As shown in Table 2, a decrease in the ratio of S to R enantiomer of aceclidine requires an increase in the total concentration of aceclidine to achieve similar presbyopic correction. Whereas an increase in the ratio of the S to R enantiomer of aceclidine requires a decrease in the total concentration of aceclidine to achieve similar presbyopic correction. However, this change in total concentration does not exactly correlate with the total concentration of the S enantiomer in the composition.

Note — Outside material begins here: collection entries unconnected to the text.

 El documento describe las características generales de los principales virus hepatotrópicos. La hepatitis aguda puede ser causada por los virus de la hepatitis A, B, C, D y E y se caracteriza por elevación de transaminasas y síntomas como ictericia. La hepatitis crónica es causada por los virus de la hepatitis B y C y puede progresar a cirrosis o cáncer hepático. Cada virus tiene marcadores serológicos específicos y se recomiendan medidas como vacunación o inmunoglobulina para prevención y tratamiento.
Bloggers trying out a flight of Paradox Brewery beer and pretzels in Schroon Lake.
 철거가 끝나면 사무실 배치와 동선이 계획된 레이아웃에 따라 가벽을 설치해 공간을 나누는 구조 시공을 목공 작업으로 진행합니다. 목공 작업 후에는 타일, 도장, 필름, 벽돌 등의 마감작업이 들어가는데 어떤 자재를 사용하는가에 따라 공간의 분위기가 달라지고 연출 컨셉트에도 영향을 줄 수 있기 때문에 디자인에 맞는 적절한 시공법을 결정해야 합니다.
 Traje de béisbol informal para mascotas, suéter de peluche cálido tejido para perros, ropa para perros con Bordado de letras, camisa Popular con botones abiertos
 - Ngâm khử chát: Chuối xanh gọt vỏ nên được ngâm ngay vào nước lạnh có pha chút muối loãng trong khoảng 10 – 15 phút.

This lack of correlation is most apparent in the 1:0 ratio where only 0.58% of the S enantiomer of aceclidine is needed to reproduce the presbyopic effect of 0.88% of the S enantiomer in a 1:1 ratio.

Claims

1. A composition for the treatment of presbyopia comprising aceclidine wherein the S-enantiomer of aceclidine is greater than 50% by weight of the aceclidine.

2. The composition of claim 1, wherein the S-enantiomer is at least 60% by weight of the mixture.

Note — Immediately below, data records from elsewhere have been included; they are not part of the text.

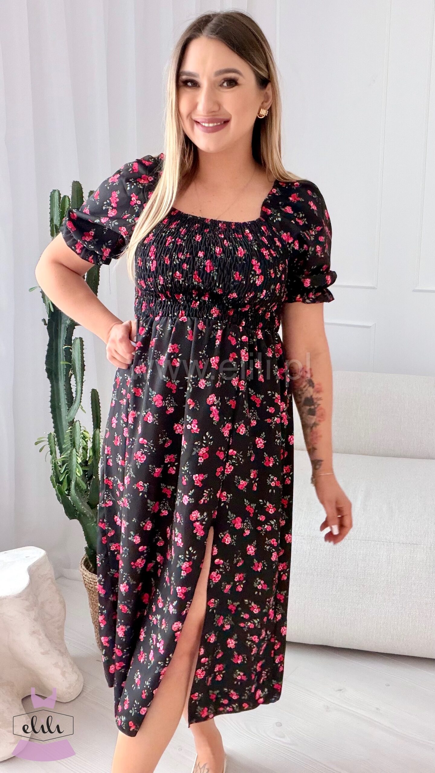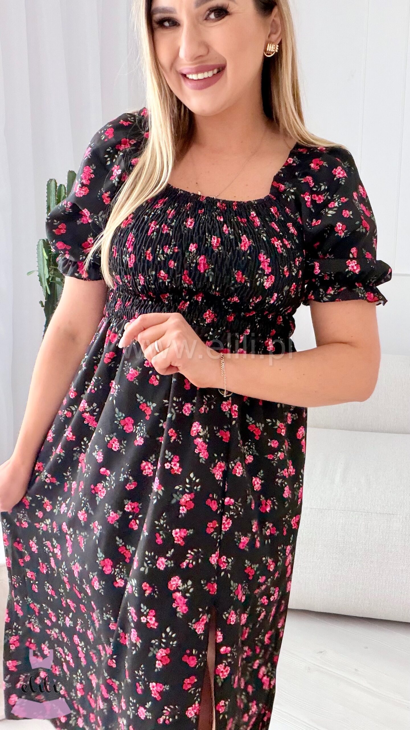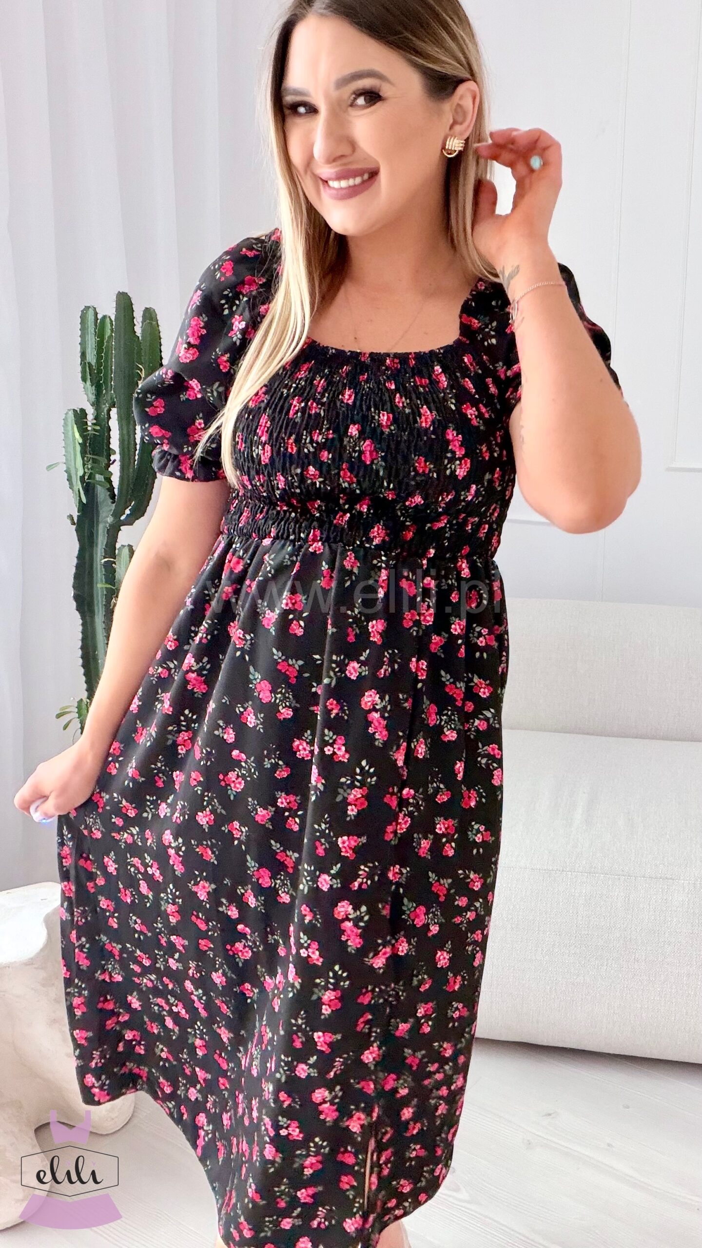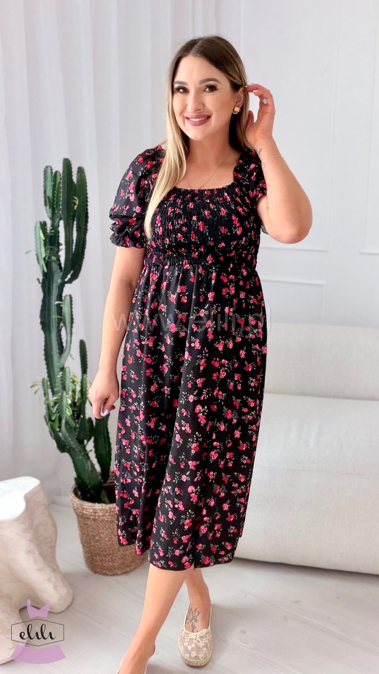 Sukienka Milano midi czarna w wiśniowe kwiatuszki
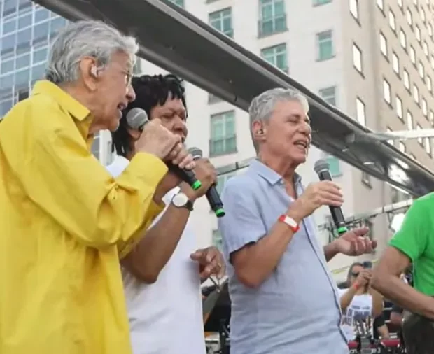 Além disso, Caetano Veloso recebeu os cantores Djavan, Gilberto Gil e Chico Buarque para comandarem o ato. Juntos, eles cantaram “Cálice”.
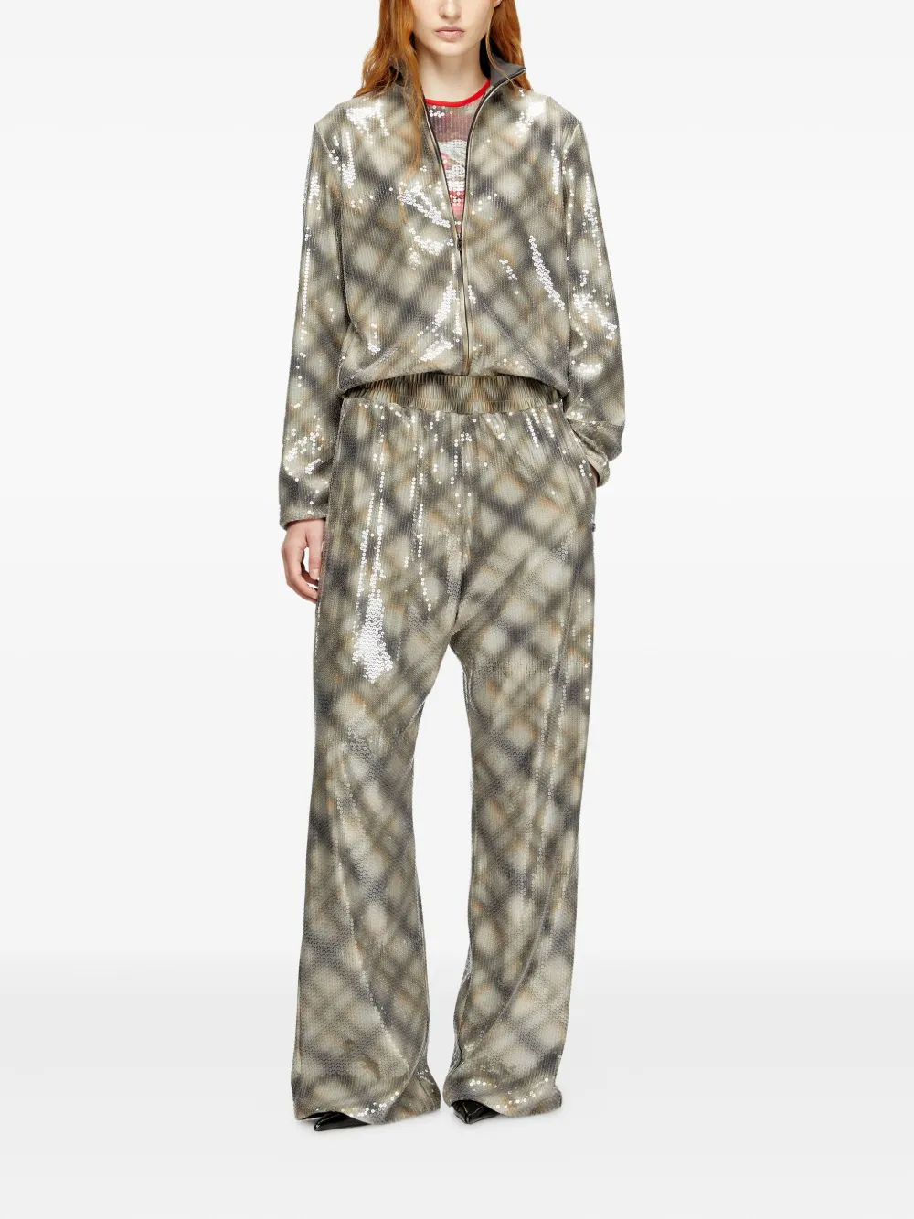 бежево-серый клетчатый узор, декоративные элементы, застёжка-молния, высокий воротник
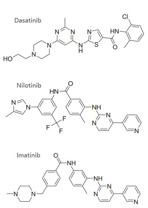 使用各种小分子抑制剂如TKIs作用于KD结构域,目前几乎所有报道过的DDR TKIs都是ATP竞争性抑制剂(I型或II型)。目前FDA已批准的多靶点小分子RTK抑制剂,如 imatinib, nilotinib和dasatinib,也可阻断DDR1的激酶活性。
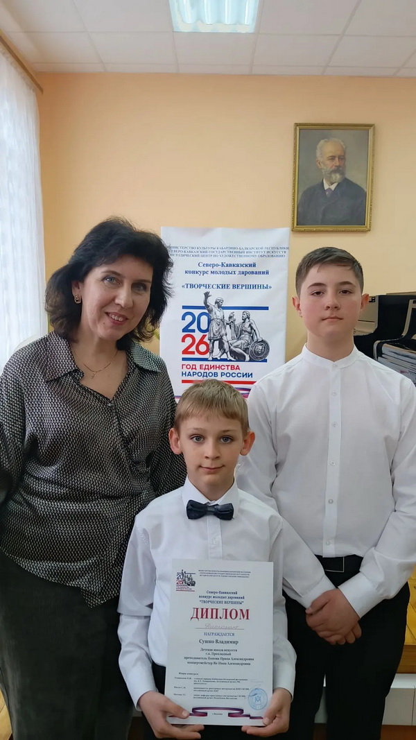 Несмотря на переполненный зал, атмосфера была камерной, публика тепло принимала и поддерживала выступление каждого участника конкурса. Детскую школу искусств городского округа Прохладный представляли учащиеся оркестрового отделения скрипачи Владимир Сушко и Павел Курганов (класс Ирины Поповой), а также Ангелина Рязанова (флейта, класс Ларисы Нарховой).
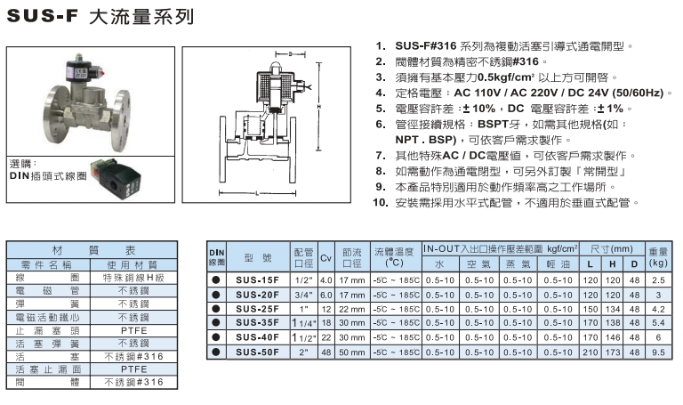 SUS-15F,SUS-20F,SUS-25F,SUS-35F,SUS-40F,SUS-50F,UNI-D大流量電磁閥
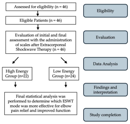This observational study followed good clinical practice and the ethics of the Helsinki Declaration, approved by La Sapienza University’s Institutional Review Board (Prot. 0000/2024—Approval Date: 15 February 2024). Informed consent forms were signed by all patients, and the data were anonymized. All participants provided signed informed consent before the study, which included a specific section regarding the processing of their personal data for research purposes, ensuring anonymization to safeguard their privacy. The data of patients treated for symptomatic lateral elbow pain between 2021 and 2024 were retrospectively collected and analyzed. LE was diagnosed based on clinical symptoms, physical examinations, and imaging studies. To be study eligible, patients had to be between 25 and 85 years old, have had pain in the epicondyle are of the lateral epicondyle (Figure 1), with symptoms over the last 3 months, with reduced range of motion (ROM), and present with a positive tendinopathy epicondylitis test. Patients were excluded if they had marked atrophy or weakness at any forearm muscles, if they had previously undergone elbow-region surgery, if they had recent corticosteroid or nerve blockage injections, if there was a tumor in the treatment area, if they were pregnant, or if they had any coagulation abnormalities. All eligible patients completed a demographic and clinical questionnaire that assessed age and gender. The following scales were administered at T0 and at T1 after three months and at T2 after 6 months from ESWT: A visual analog scale (VAS) [32] and Patient-Rated Tennis Elbow Evaluation Questionnaire (PRTEE) [33]. All ESWT applications and survey administration were performed by the primary investigator, a physician specialized in physical medicine and rehabilitation. Participants were instructed not to consume NSAIDs during the study period, and they were asked to report any intake including self-medication on demand. The flow diagram of the study is shown in Figure 2.

3. The composition of claim 1, wherein the S-enantiomer is at least 70% by weight of the aceclidine.

4. The composition of claim 1, wherein the S-enantiomer is at least 80% by weight of the aceclidine.

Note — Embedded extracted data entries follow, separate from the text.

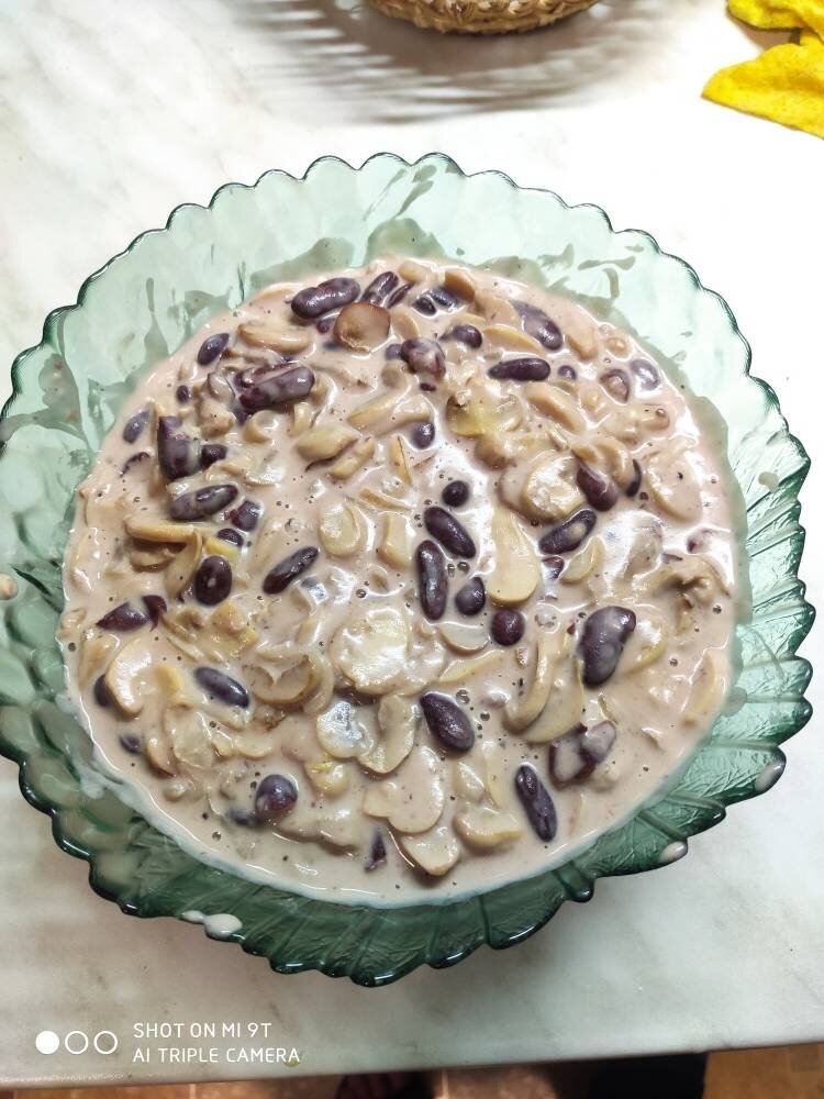 Очень вкусный и приятный на вкус салат на основе шампиньонов и фасоли, особенно только что приготовленный, но и холодный не менее вкусен, очень легко готовится, обязательно попробуй Ингредиенты: красной фасоли в собственном соку, шампиньонов нарезанных или эквивалент свежих, средняя луковица, Сметана любой жирности, Майонез, По желанию чеснок и чайная ложка муки, Соль, перец, масло растительное Способ приготовления: Нужна глубокая сковорода, нарезаем лук полукольцами и обжариваем на масле до золотистого цвета. К луку добавляем консервированные грибы или свежие нарезанные, обжариваем минут 10. Добавляем к грибам и луку фасоль вместе с соком из банки перемешиваем, держим на среднем огне ещё минут 5. Пока грибы с фасолью разогреваются на огне делаем соус, все просто 50/50 смешиваем сметану и майонез по желанию можно добавить чеснок мелко нарезанный или выдавленный. Как только грибы с фасолью начали закипать солим/Персии по вкусу и добавляем только что сделанный соус, перемешиваем, грибы и
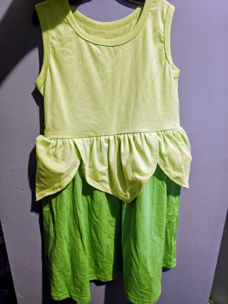 This adorable Disney Tinkerbell dress is perfect for your little fairy! It's in great condition and ready for a new home. The dress features a light green top with a darker green skirt, and a cute petal-like design at the waist. Size is 6/7
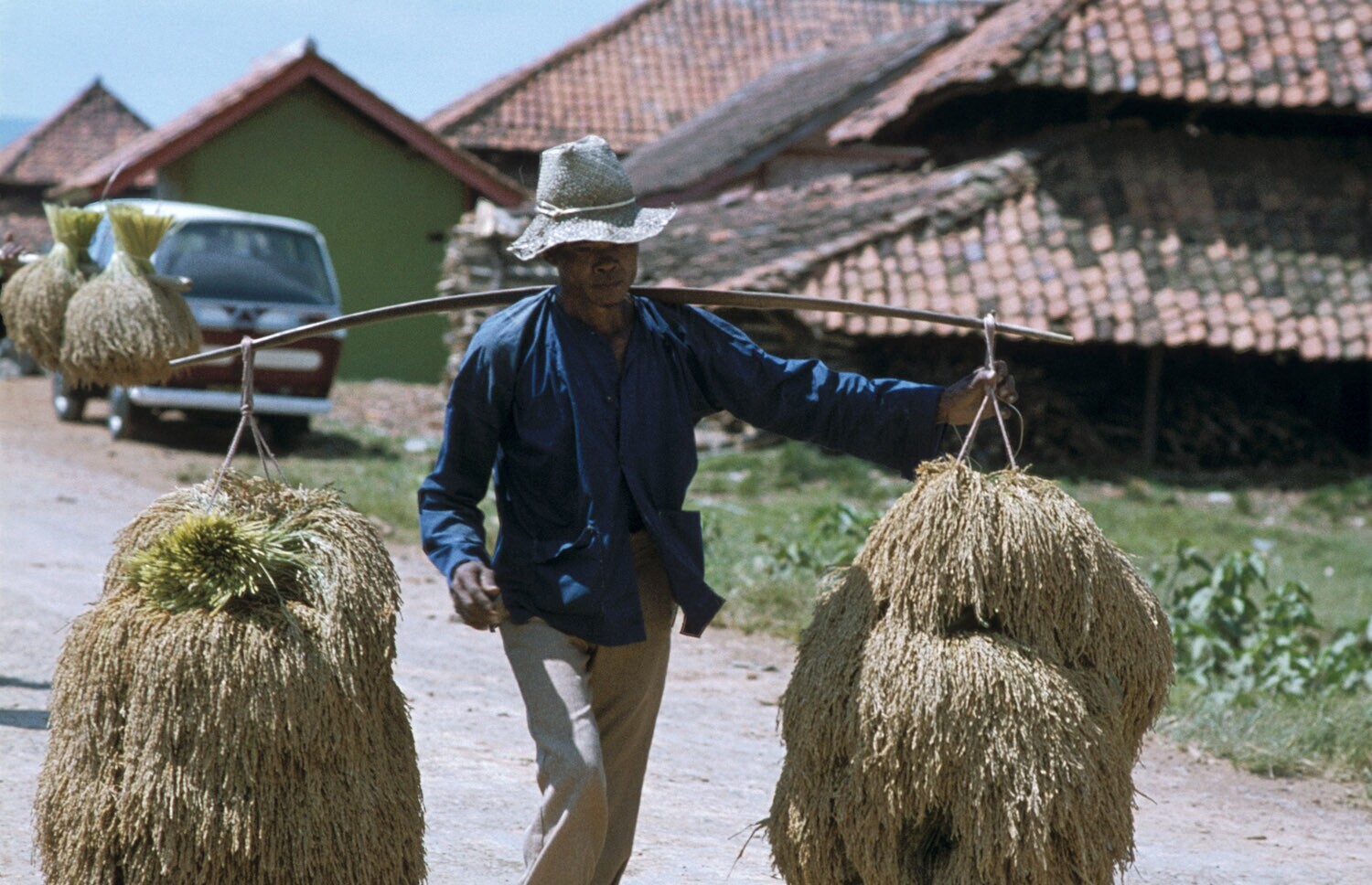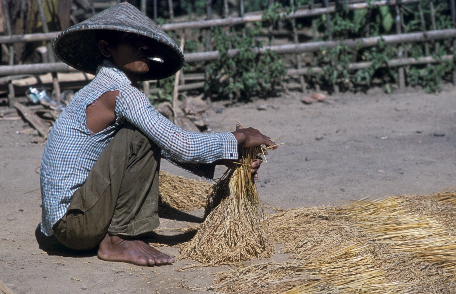 Man bundelt de rijstaren om in de zon te drogen, omg...

5. The composition of claim 1, wherein the S-enantiomer is at least 90% by weight of the aceclidine.

6. The composition of claim 1, wherein the S-enantiomer is at least 99% by weight of the aceclidine.

7. The composition of claim 1, wherein the S-enantiomer is 100% by weight of the aceclidine.

8. The composition of claim 1, further comprising one or more agents selected from the group consisting of an alpha-adrenergic agonist, a cycloplegic agent, a cryoprotectant, a non-ionic surfactant and a viscosity agent.

9. The composition of claim 1, further comprising one or more preservatives.

10. A method of treating presbyopia comprising administering the composition of claim 1 to a subject in need thereof.

11. A composition for the treatment of presbyopia comprising aceclidine wherein the R-enantiomer of aceclidine is greater than 50% by weight of the aceclidine.

12. The composition of claim 10, wherein the R-enantiomer is at least 60% by weight of the mixture.

13. The composition of claim 1, wherein the R-enantiomer is at least 70% by weight of the aceclidine.

14. The composition of claim 10, wherein the R-enantiomer is at least 80% by weight of the aceclidine.

15. The composition of claim 10, wherein the R-enantiomer is at least 90% by weight of the aceclidine.

16. The composition of claim 10, wherein the R-enantiomer is at least 99% by weight of the aceclidine.

17. The composition of claim 10, wherein the R-enantiomer is 100% by weight of the aceclidine.

18. The composition of claim 10, further comprising one or more agents selected from the group consisting of an alpha-adrenergic agonist, a cycloplegic agent, a cryoprotectant, a non-ionic surfactant and a viscosity agent.

19. The composition of claim 10, further comprising one or more preservatives.

20. A method of treating presbyopia comprising administering the composition of claim 10 to a subject in need thereof.